Records for the exercise -
Content starts
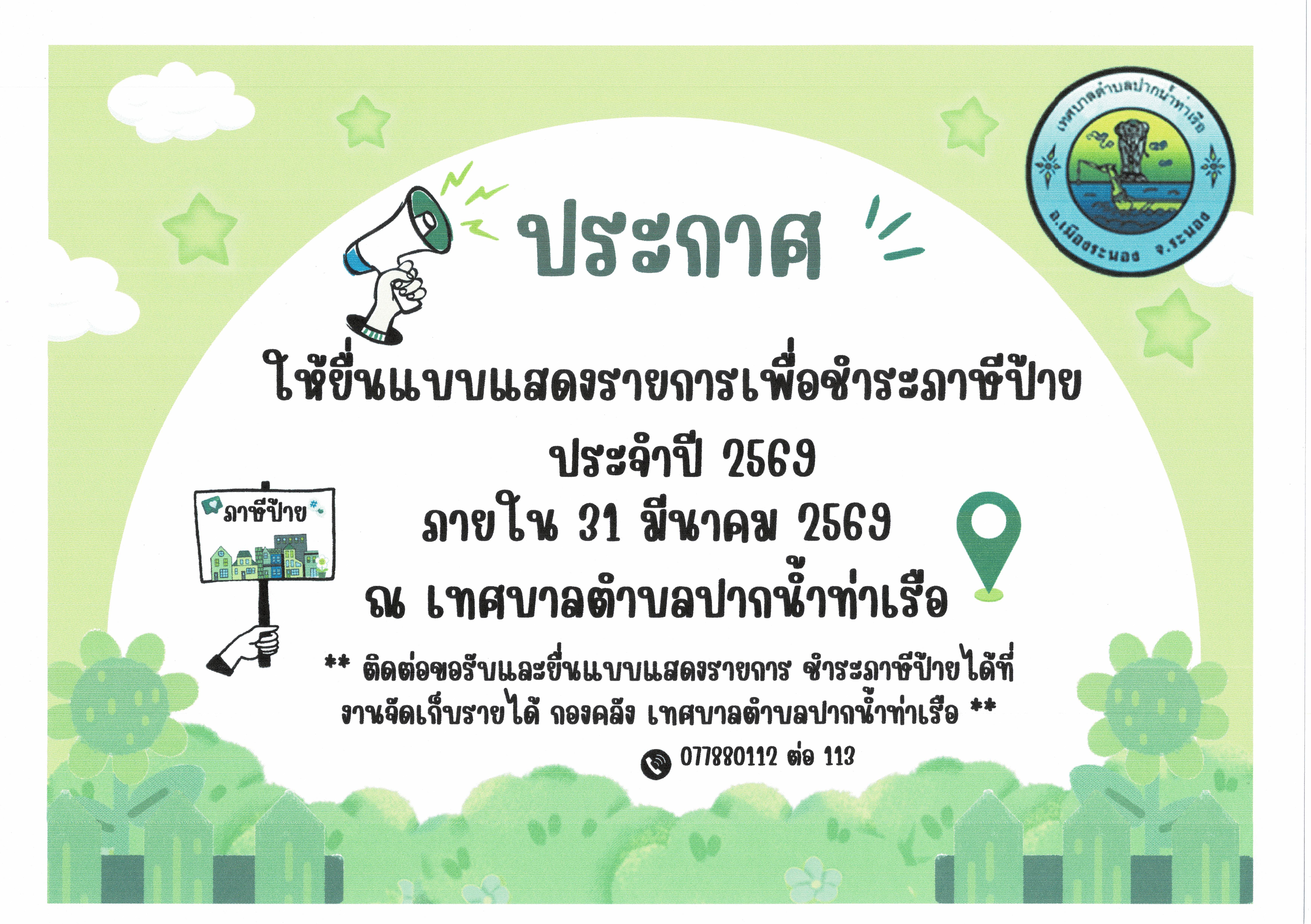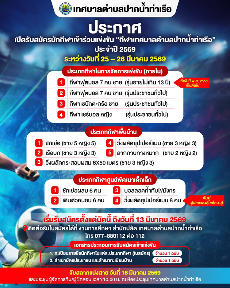 ประกาศเทศบาลตำบลปากน้ำท่าเรือ รับสมัครนักกีฬา เพื่อเข้าร่วมการแข่งขันกีฬาเทศบาลตำบลปากน้ำท่าเรือ ประจำปี 2569 ระหว่างวันที่ 25-26 มีนาคม 2569
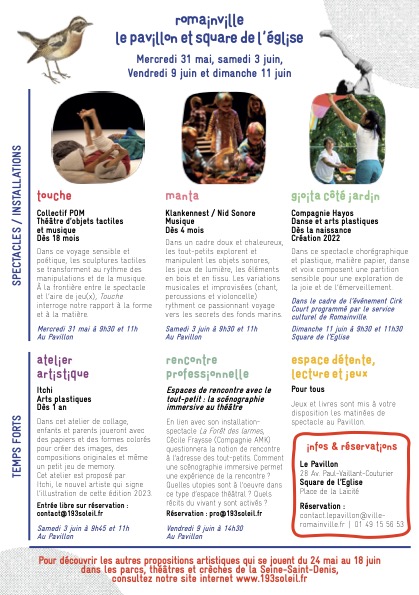 Pendant le festival, Le Pavillon de Romainville (QG de l'association) se transforme en un petit îlot de fête mettant à l'honneur les enfants, l'art et la nature ! Pendant 4 jours, découvrez des spectacles, réalisez un atelier avec Itchi - l'artiste qui signe l'illustration de cette édition 2023 et participez à une rencontre professionnelle.
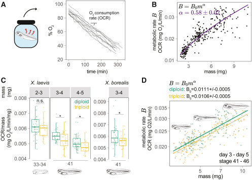 Figure 2. Metabolism assessed by single-tadpole oxygen consumption rates varies between diploids and triploids of both X. laevis and X. borealis (A) Single tadpoles were placed in individual glass vials sealed from air. The decrease in O2 levels over time was used to calculate the oxygen consumption rate (OCR) for each tadpole. (B) OCR as a function of body mass in diploid X. laevis embryos from day 2 to 5 pf. The curve shows a fit with values and (n = 271) (see STAR Methods and Table S2). (C) OCR for bins of body mass and stages in X. laevis (left) and X. borealis (right) of diploid and triploid embryos (t test comparing the means, ∗p < 0.5, ∗∗p < 0.01; 3–5 clutches per condition; details in Table S3). (D) OCR as a function of body mass in diploid (n = 189) and triploid (n = 165) tadpoles from day 3 (stage 41) to day 5 (stage 46). The lines represent linear fits of the logarithmic values, which yielded the same allometric scaling component exponent α ( ), but different Y-intercepts that indicate a lower basal metabolic rate (B0) in triploids (see STAR Methods and Table S2). See also Figure S2. |
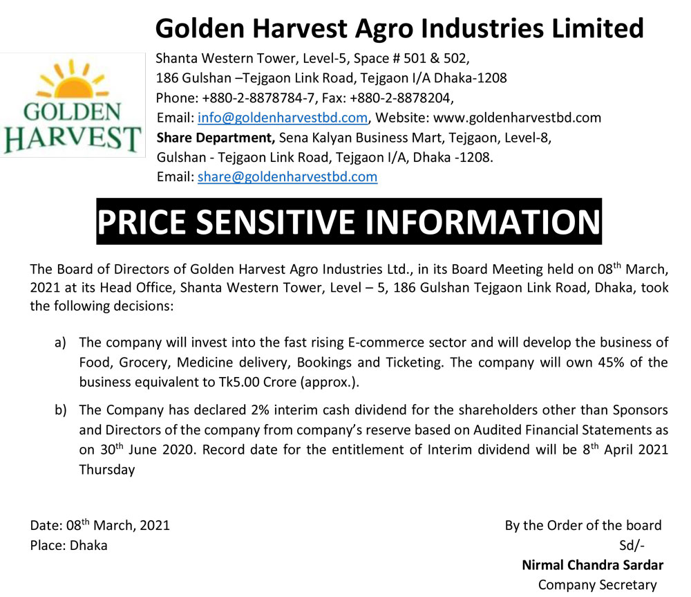 Price Sensitive Information of Golden Harvest Agro Industries Ltd.
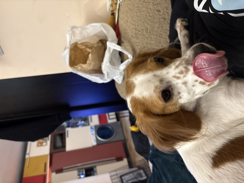 The image depicts a domestic interior located in Sofia, Bulgaria. A white and orange-brown spotted dog, consistent with a Spaniel type, occupies the foreground. The dog is observed licking its nose with its tongue fully extended. It rests on a dark fabric covering a light brown upholstered surface. To the right, a white plastic carry bag holds a crumpled brown paper bag. The background reveals a residential kitchen area featuring multi-colored modular cabinets in red, yellow, and off-white tones. Appliances visible include a microwave oven mounted above a counter, and a silver-colored front-loading washing machine with a blue illuminated drum. A tall, reddish-brown cabinet and another appliance with blue indicator lights are present on the far left. The walls are painted a light, neutral color. A dark, vertical structure, possibly a wall or large piece of furniture, stands on the right, emitting a faint blue light at its base.
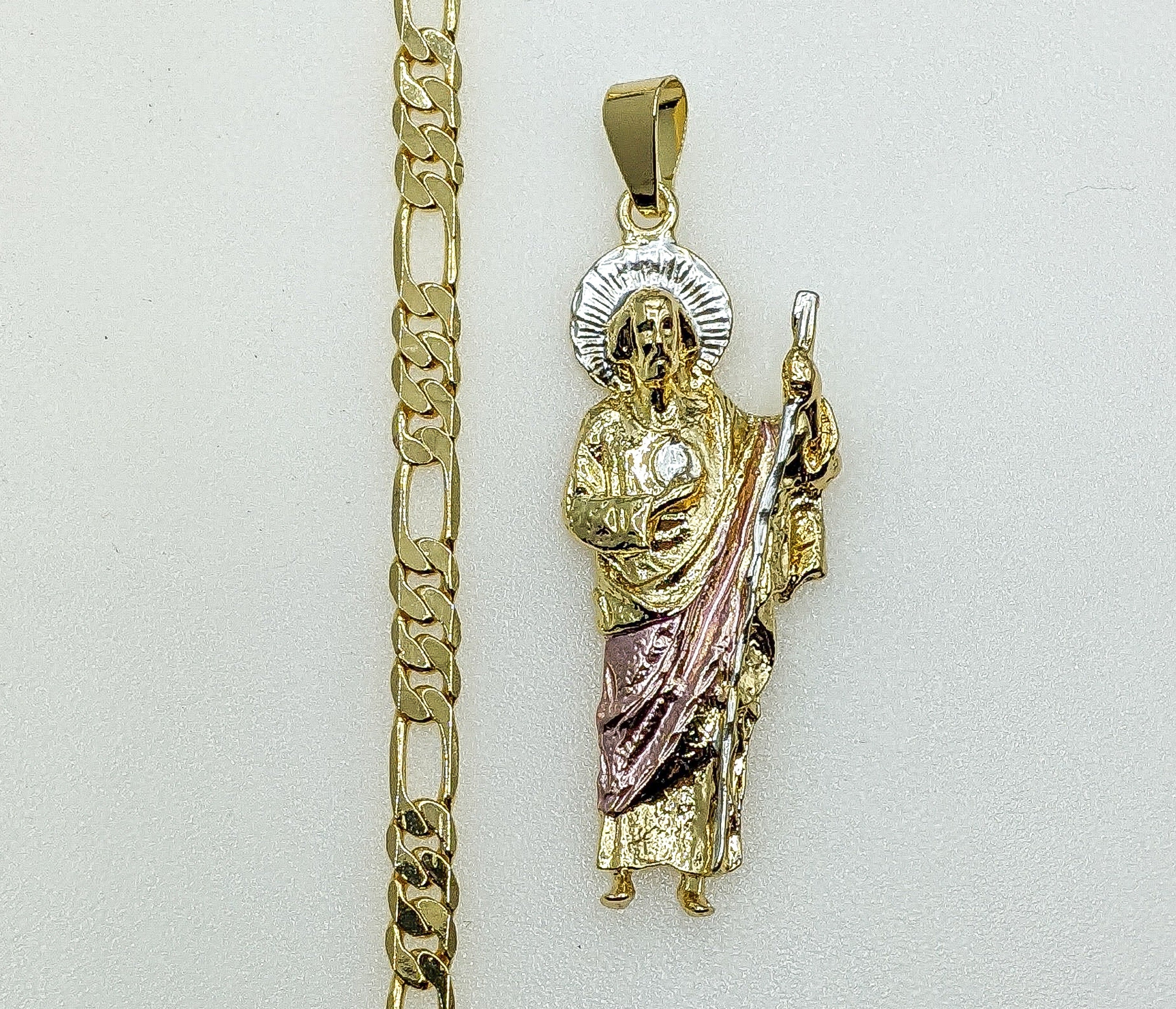 - St Jude Necklace Contains Pendant (Tri-Color) and Chain (18K Golden)
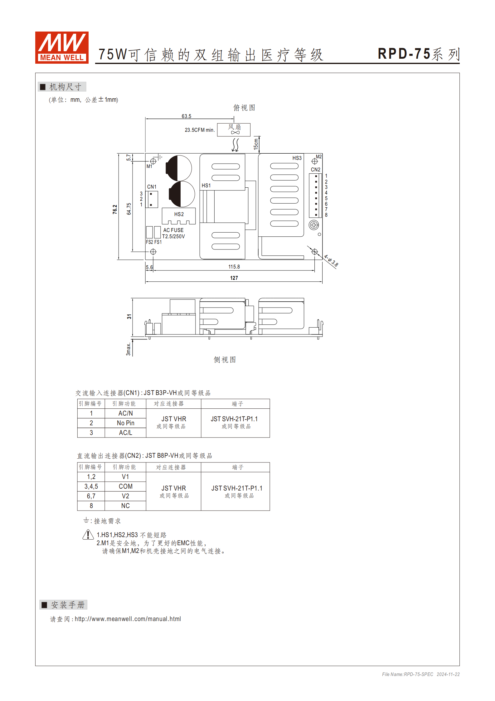 接地要求:M1為安全地,建議與M2及機(jī)殼接地良好連接以優(yōu)化EMC性能
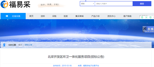 福建省北岸開發(fā)區(qū)環(huán)衛(wèi)一體化服務項目發(fā)布招標公告。
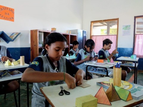 Durante a aula de Matemática os estudantes do 5° Ano montaram sólidos geométricos (prismas e pirâmides).
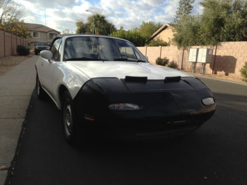 1990 Mazda Miata (first year in production). In excellent condition. Driven by my grandparents to the grocery store and back once a week, otherwise garaged. Inherited the car from them and have kept it garaged and maintained, only drive to keep in good condition. Need to sell now because it's a two seater and we have two kids, so it takes up space in the garage. I love this car - it's a thrill to drive with the top down on a sunny day.
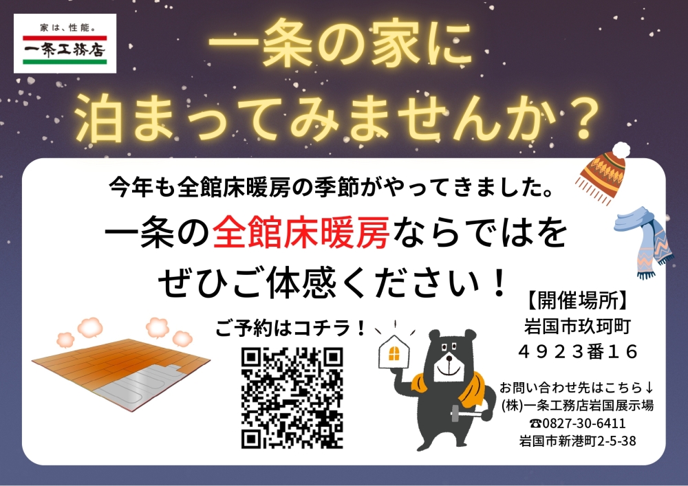 岩国市玖珂町にて実際の一条工務店のお家にご宿泊いただけます♪
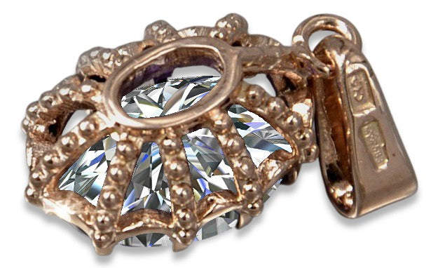 Vintage style Pendant Zircon Original Vintage 14K Rose Gold vpc008r vpc008r-zi
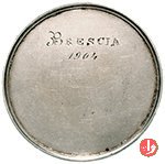 Verso: entro cordoncino con sei nodi d'amore e sormontata da stemmi coronati d'Italia e del Belgio: ALLA = COPIA AUGUSTISSIMA = DEVOTAMENTE DEDICA = GIUSEPPE DEL GAMBA = NEL GIORNO
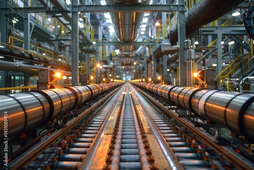 metal, steel, pipe, conveyer, industrial, factory, manufacturing, machinery, structure, construction, engineering, processing, facility, system, equipment, transport, production, line, chain, roller, track, rail, grooved, light, illumination, interior, building, plant, warehouse, perspective, long, distance, direction, symmetric, parallel, automation, industry, technology, bright, shiny, metallic, chrome, tubular, pipeline, assembly, energy, process, modern
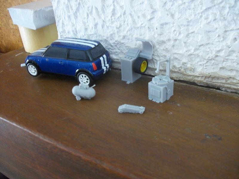 oui enfin , les pneus modéliser servent , uniquement .. a avoir une taille qui correspondent ( sinon, on va me faire des remarques la dessus) .... mais en aucun cas , je vais les sortir avec l imprimante .. je pensais que ça coulait de source lol .. on voit sur l image que ce ne sont que de vague cylindre .. (à la dimension) donc , idem pour la machine à équilibrer .. je mettrais une vraie roue .. (enfin une vraie de voiture au1/32 !!!!!! vaut mieux être précis re lol ) pour le cric aussi par exemple .. le levier ne sera pas modélisé ... mais je prendrais un petit bout de tube (ou autre) pour le mettre a cette endroit .. la modélisation me sert surtout à avoir une idée générale de ce que je veux , et les objet ne sont que rarement imprimé ..comme sous blender ( bien souvent , il faut que j imprime en plusieurs morceaux et que je fasse l assemblage ( pas pour les barils ) ! ( contrainte d'impression 3D)
Content ends
Problem to work on -
From the first line of the records down through the line containing "Price Sensitive Information", transcribe exactly those lines and no others, both ends kept, pictures dropped.

Answer box -
 ประกาศเทศบาลตำบลปากน้ำท่าเรือ รับสมัครนักกีฬา เพื่อเข้าร่วมการแข่งขันกีฬาเทศบาลตำบลปากน้ำท่าเรือ ประจำปี 2569 ระหว่างวันที่ 25-26 มีนาคม 2569
 Pendant le festival, Le Pavillon de Romainville (QG de l'association) se transforme en un petit îlot de fête mettant à l'honneur les enfants, l'art et la nature ! Pendant 4 jours, découvrez des spectacles, réalisez un atelier avec Itchi - l'artiste qui signe l'illustration de cette édition 2023 et participez à une rencontre professionnelle.
 Figure 2. Metabolism assessed by single-tadpole oxygen consumption rates varies between diploids and triploids of both X. laevis and X. borealis (A) Single tadpoles were placed in individual glass vials sealed from air. The decrease in O2 levels over time was used to calculate the oxygen consumption rate (OCR) for each tadpole. (B) OCR as a function of body mass in diploid X. laevis embryos from day 2 to 5 pf. The curve shows a fit with values and (n = 271) (see STAR Methods and Table S2). (C) OCR for bins of body mass and stages in X. laevis (left) and X. borealis (right) of diploid and triploid embryos (t test comparing the means, ∗p < 0.5, ∗∗p < 0.01; 3–5 clutches per condition; details in Table S3). (D) OCR as a function of body mass in diploid (n = 189) and triploid (n = 165) tadpoles from day 3 (stage 41) to day 5 (stage 46). The lines represent linear fits of the logarithmic values, which yielded the same allometric scaling component exponent α ( ), but different Y-intercepts that indicate a lower basal metabolic rate (B0) in triploids (see STAR Methods and Table S2). See also Figure S2. |
 Price Sensitive Information of Golden Harvest Agro Industries Ltd.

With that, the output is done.